- _Try it_: Wherever the records include pictures, skip them and transcribe all the rest word for word.
--- The data Enclosed Below ---
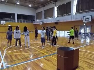 今日は雨だったので多目的ホールでドッジビーをしていました。
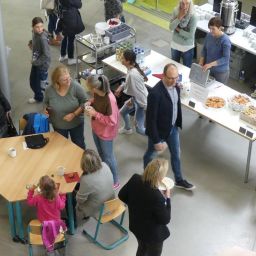 Während die Kinder die Stationen durchliefen, wurden die Eltern im Hörsaal von der Schulleitung über die Besonderheiten des Konzeptes am BZM informiert. Im Anschluss besichtigten sie gemeinsam mit Frau Wiedmann die grünen Klassenzimmer und wurden danach vom Förderverein mit Kaffee und Kuchen verwöhnt.
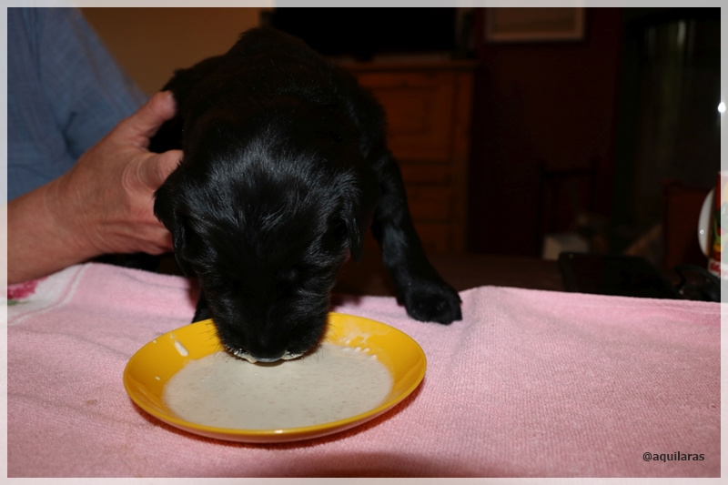 Am Sonntag gab es für die Kleinen die erste Welpenmilch, angedickt mit ein bisschen Schmelzflocken. Jedem einzelnen wurde der leckere Brei auf einem Tellerchen angeboten und 4 haben auch sofort verstanden, wie schlecken geht und so war die kleine Probeportion im Nu weg.
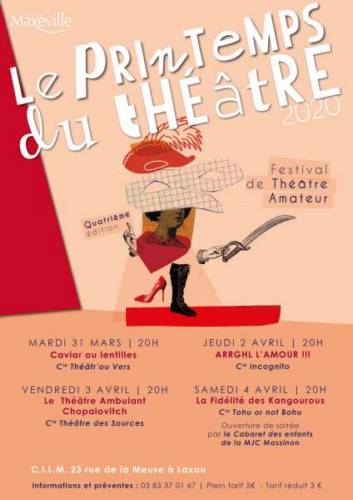 Samedi 4 avril - 20h: La Fidélité des kangourous. Cie Tohu or not Bohu. Huis clos cocasse (de Maryline Bal; mise en scène de Philippe Huriet; ouverture de soirée assurée par les enfants de l’atelier théâtre de la MJC Massinon)
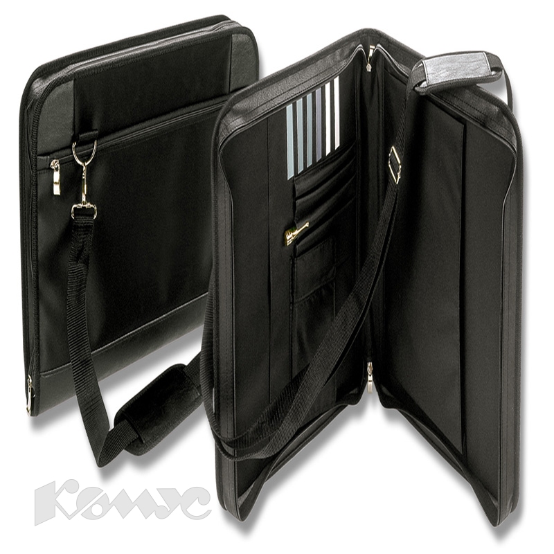 | Папка из кож/зам ВИКТОРИЯ N 213 вставки нейлон, с ремнем,черная Россия |
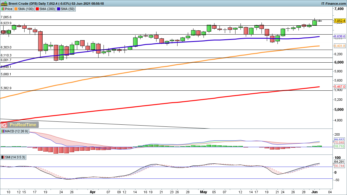 The price of Brent crude remains close to $70.85, having clambered above $70 for the first time in over a year yesterday. The bullish move of the past few days remains intact, and points towards further upside in the near-term.
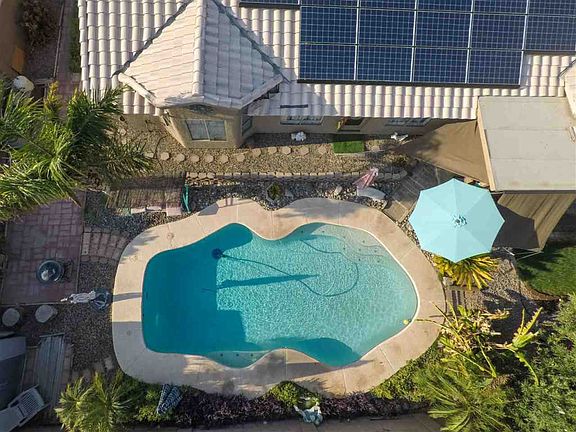 Beautiful 3 bedroom, 2 bathroom custom home located in Falls Ranch. Enjoy this backyard pool paradise complete with luscious greenery, a 3 car garage for extra parking, plus it is already equipped with solar. The original 207B four bedroom floor plan was customized to increase the size of the bedrooms & add storage space throughout the home. It was also upgraded with dual pane windows, country style windows in the bedrooms, upgraded insulation, and much more at the time of construction.
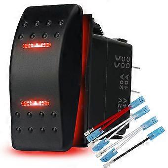 Waterproof Rocker Switch 12V 24V DPDT 7 Pin with Red LED for Marine Boat Car Truck RV ATV
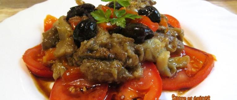 Voici une salade bien fraîche et savoureuse, pour profiter des bons légumes d'été. C'est un mélange de légumes cuits (aubergines, poivrons) et crus (tomates), le tout bien parfumé au citron et vinaigre balsamique et accommodé avec des olives. Une salade estivale qui nous a bien régalés.
--- End of Enclosed The data ---
- _Written reply_:
 今日は雨だったので多目的ホールでドッジビーをしていました。
 Während die Kinder die Stationen durchliefen, wurden die Eltern im Hörsaal von der Schulleitung über die Besonderheiten des Konzeptes am BZM informiert. Im Anschluss besichtigten sie gemeinsam mit Frau Wiedmann die grünen Klassenzimmer und wurden danach vom Förderverein mit Kaffee und Kuchen verwöhnt.
 Am Sonntag gab es für die Kleinen die erste Welpenmilch, angedickt mit ein bisschen Schmelzflocken. Jedem einzelnen wurde der leckere Brei auf einem Tellerchen angeboten und 4 haben auch sofort verstanden, wie schlecken geht und so war die kleine Probeportion im Nu weg.
 Samedi 4 avril - 20h: La Fidélité des kangourous. Cie Tohu or not Bohu. Huis clos cocasse (de Maryline Bal; mise en scène de Philippe Huriet; ouverture de soirée assurée par les enfants de l’atelier théâtre de la MJC Massinon)
 | Папка из кож/зам ВИКТОРИЯ N 213 вставки нейлон, с ремнем,черная Россия |
 The price of Brent crude remains close to $70.85, having clambered above $70 for the first time in over a year yesterday. The bullish move of the past few days remains intact, and points towards further upside in the near-term.
 Beautiful 3 bedroom, 2 bathroom custom home located in Falls Ranch. Enjoy this backyard pool paradise complete with luscious greenery, a 3 car garage for extra parking, plus it is already equipped with solar. The original 207B four bedroom floor plan was customized to increase the size of the bedrooms & add storage space throughout the home. It was also upgraded with dual pane windows, country style windows in the bedrooms, upgraded insulation, and much more at the time of construction.
 Waterproof Rocker Switch 12V 24V DPDT 7 Pin with Red LED for Marine Boat Car Truck RV ATV
 Voici une salade bien fraîche et savoureuse, pour profiter des bons légumes d'été. C'est un mélange de légumes cuits (aubergines, poivrons) et crus (tomates), le tout bien parfumé au citron et vinaigre balsamique et accommodé avec des olives. Une salade estivale qui nous a bien régalés.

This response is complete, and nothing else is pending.